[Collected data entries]
..............................

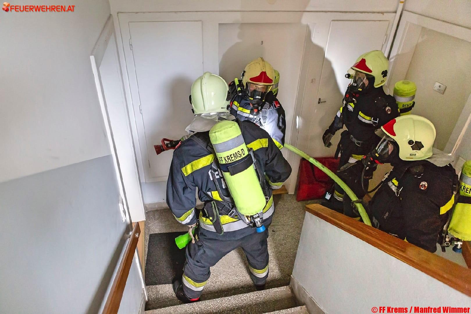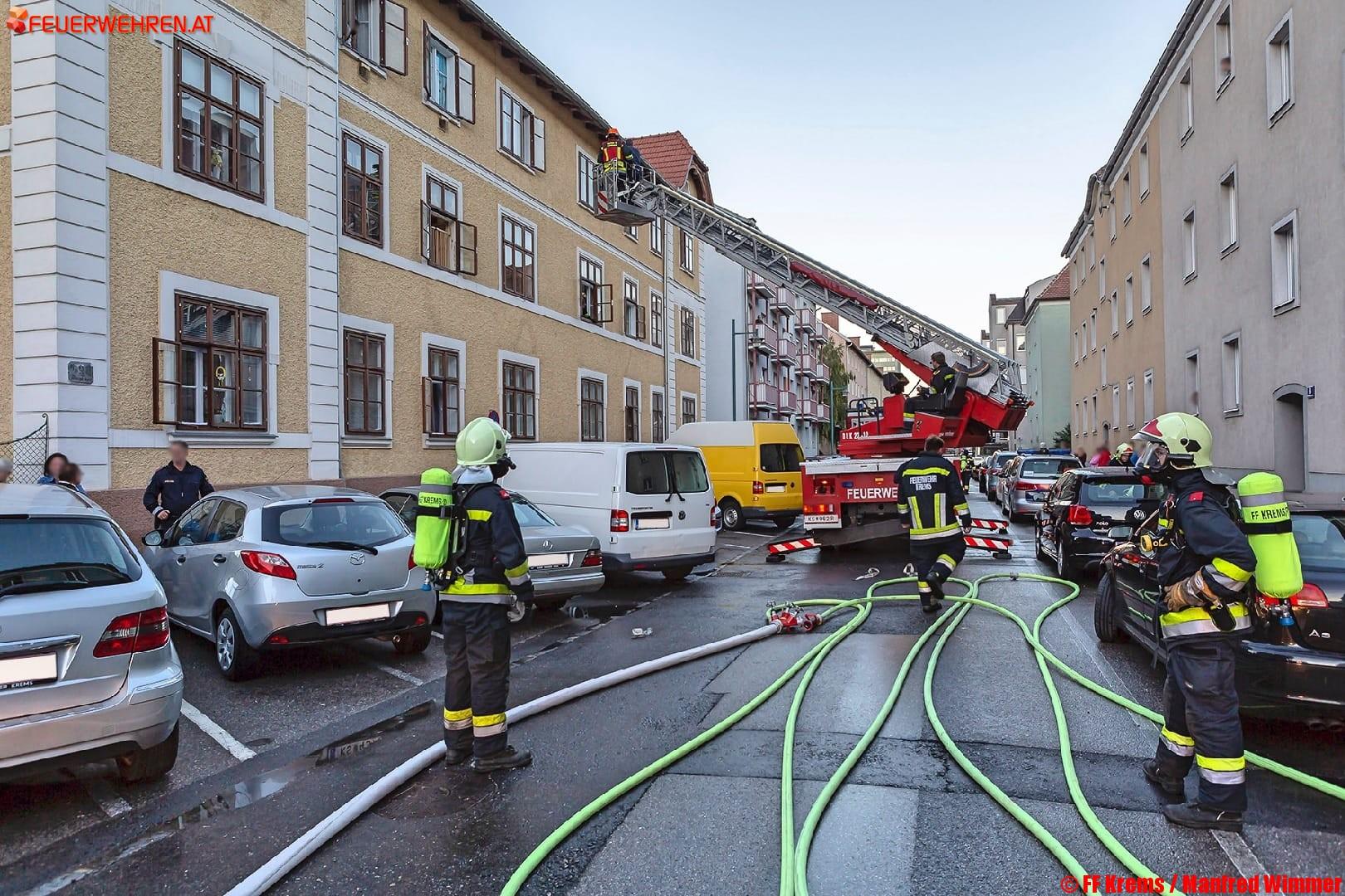 Zunächst alarmierte die Bezirksalarmzentrale Krems die Einsatzkräfte kurz vor 18 Uhr zu einem Zimmerbrand in der Wachaustraße. Die Kräfte der Hauptwache sowie der Feuerwache Egelsee rückten unverzüglich mit mehreren Fahrzeugen zum Einsatzort aus.
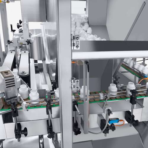 The CVC 1263D Monoblock Bottle Unscrambler & Air Rinser is designed to automatically feed bottles from a bin, place them upright onto conveyor, convey to air rising station and then 180-degree inversion at speeds of up to 120 bottles per minute. The CVC 1263D is built on a Siemens control system including a HMI panel. Options include ionized air rinse with vacuum, fallen bottle sensor with return to bin, low level hopper sensor, tower lamp, Static eliminator bar and customized bottle format change parts. STANDARD FEATURES • Monoblock design with unscerambling and air rinsing saves space • Low level hopper sensor • Bottle backlog sensor at outfeed • Interlocked safety guarding • Type 304 stainless steel bin, frame, enclosure panels. • Type 316 stainless steel contact parts. • ISO 9001 certified. AVAILABLE OPTIONS: • Static Electricity Eliminator • Vacuum block detection assembly • Upside down bottle, fallen bottle reject assembly • Tower lamp • 21CFR Part 11 License
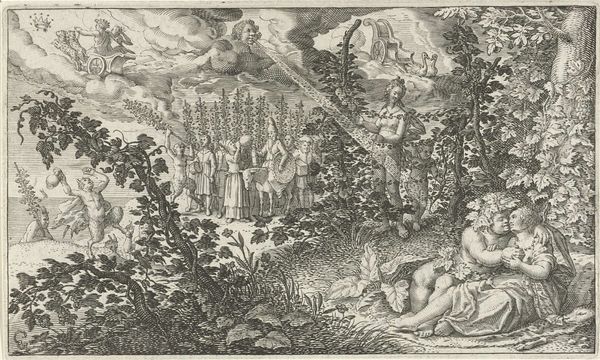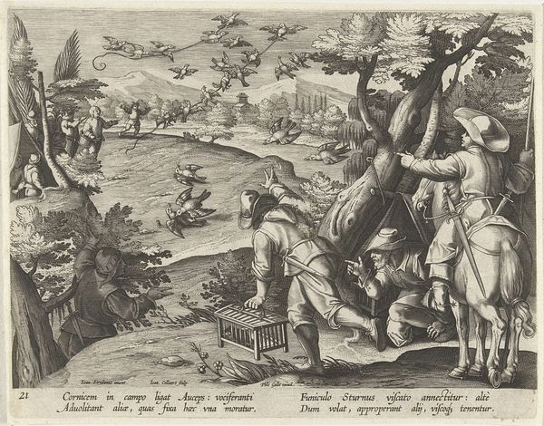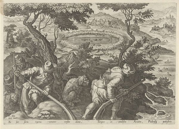 Curator: This is Jan Collaert the Younger’s "Hunter Trapped in a Pit," made between 1594 and 1598, an engraving currently housed at the Rijksmuseum. It is striking, isn’t it? My initial feeling is one of intense vulnerability and entrapment. Editor: Absolutely. The layering of the engraving – you can almost feel the density of the foliage, the earthiness of the pit itself. Consider the actual process: Collaert, most likely through an intermediary draftsman, took ink to paper to record or conceive this elaborate scenario of man undone. And what paper would he have used? Did he select it himself? Curator: I’m drawn more to the visual narrative, to how Collaert uses recognizable symbols. We have the obvious figures: the hunter fallen into the pit, being threatened by serpents – traditionally associated with danger, temptation, or even deception. Above, other hunters are desperately trying to pull him to safety. Editor: The landscape also merits our attention. It's hardly naturalistic. It feels composed, almost like a stage set, and yet that artifice is key. This mannerist artificiality highlights the constructed nature of the image itself. Collaert made many prints like this: the mass reproducibility allows these prints to disseminate ideas far and wide at this historical moment. It also democratized images! Curator: I find the classical ruins behind them fascinating. They speak to a history of collapse and decay. Could they symbolize the fragility of human endeavor? The hunter’s pride leading to his downfall? Editor: I wonder too, what sort of collaborative workshops were common for a prolific print-maker like Collaert. The scale of his practice begs questions of division of labor, of hierarchies of craft. Curator: It's a poignant reflection on the precariousness of life and how even the skilled can fall prey to unseen dangers. This piece carries significant emotional weight, the engraving captures both the physical struggle and psychological torment. Editor: Precisely. Looking closely at its creation allows us to reflect not only on its message but also on the means through which this image reached its audiences centuries ago.
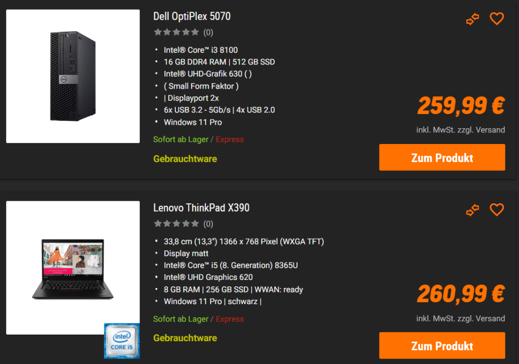 Notebooks, Tablets und Co. zu günstigen Preisen – Du hast die Wahl zwischen vier Qualitätsstufen zu reduzierten Preisen. Jeder Artikel wurde wiederaufbereitet.
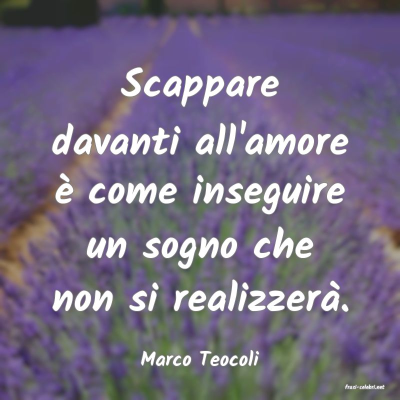 Scappare davanti all'amore � come inseguire un sogno che non si realizzer�.
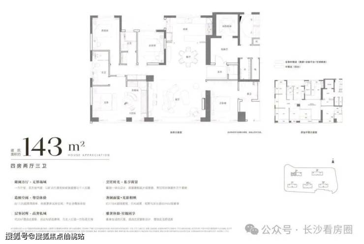 143㎡户型(原139㎡升级):得房率从114.8%提升至121.3%,套内面积达173.4㎡。北向可拓展为大阳台+晾晒区,南向进一步扩大套卫面积,成为项目最大赢家。
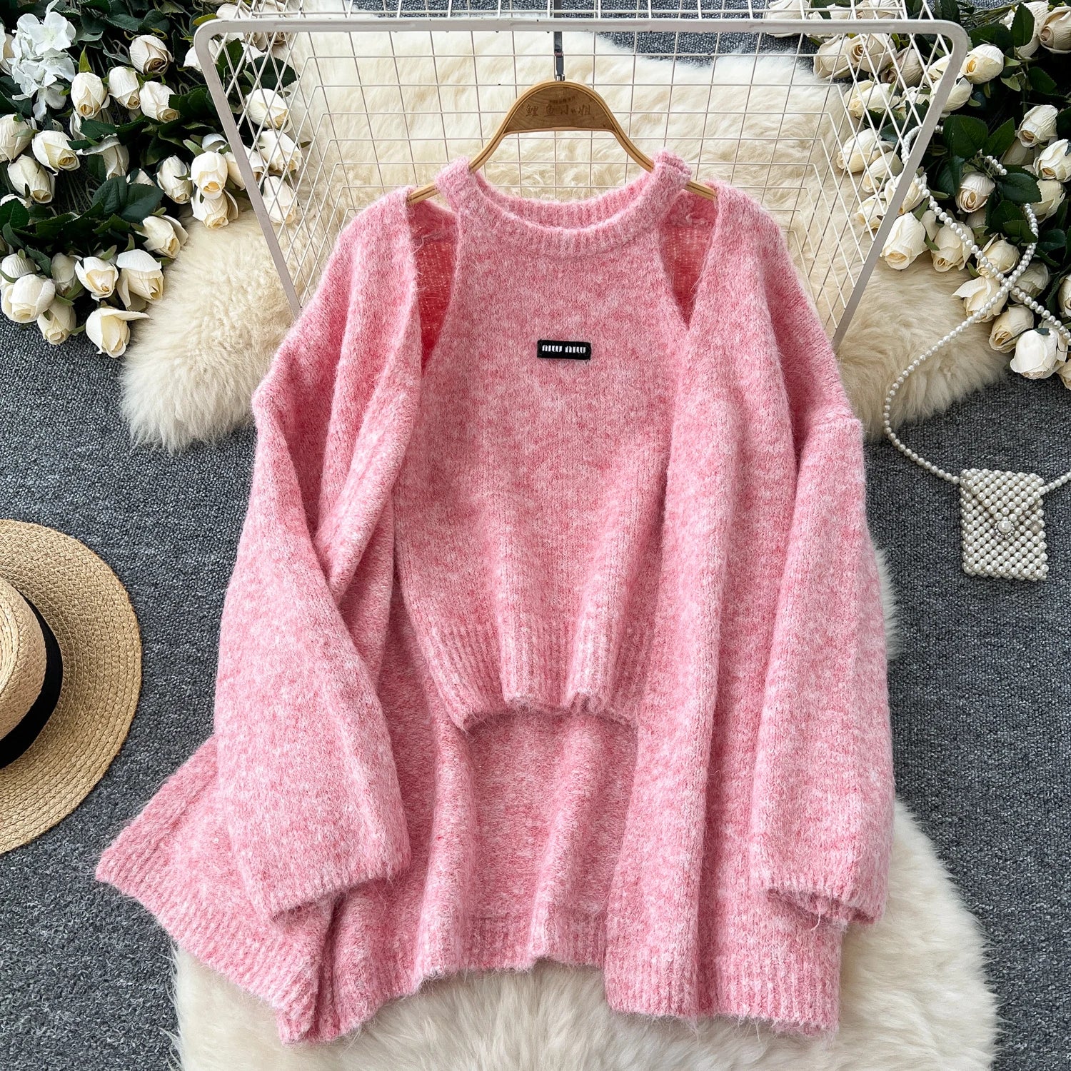 SINGREINY Fashion Solid Cashmere Sweater Long Sleeves Loose Warm Cardigan+Sleeveless Knitting Tank Top Winter Gentle Casual Tops
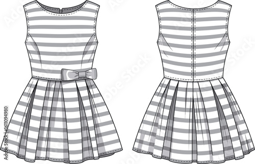 CAD drawing, flat sketch, striped dress, sleeveless design, vector illustration, bow belt, pleated skirt, fashion technical drawing, sewing template, apparel mockup, kidswear pattern

..............................

### Instructions for the task:
Give back only the lines from the one that carries "SINGREINY Fashion Solid" through the final line above, both included. Drop all pictures.

### Reply:
 SINGREINY Fashion Solid Cashmere Sweater Long Sleeves Loose Warm Cardigan+Sleeveless Knitting Tank Top Winter Gentle Casual Tops
 CAD drawing, flat sketch, striped dress, sleeveless design, vector illustration, bow belt, pleated skirt, fashion technical drawing, sewing template, apparel mockup, kidswear pattern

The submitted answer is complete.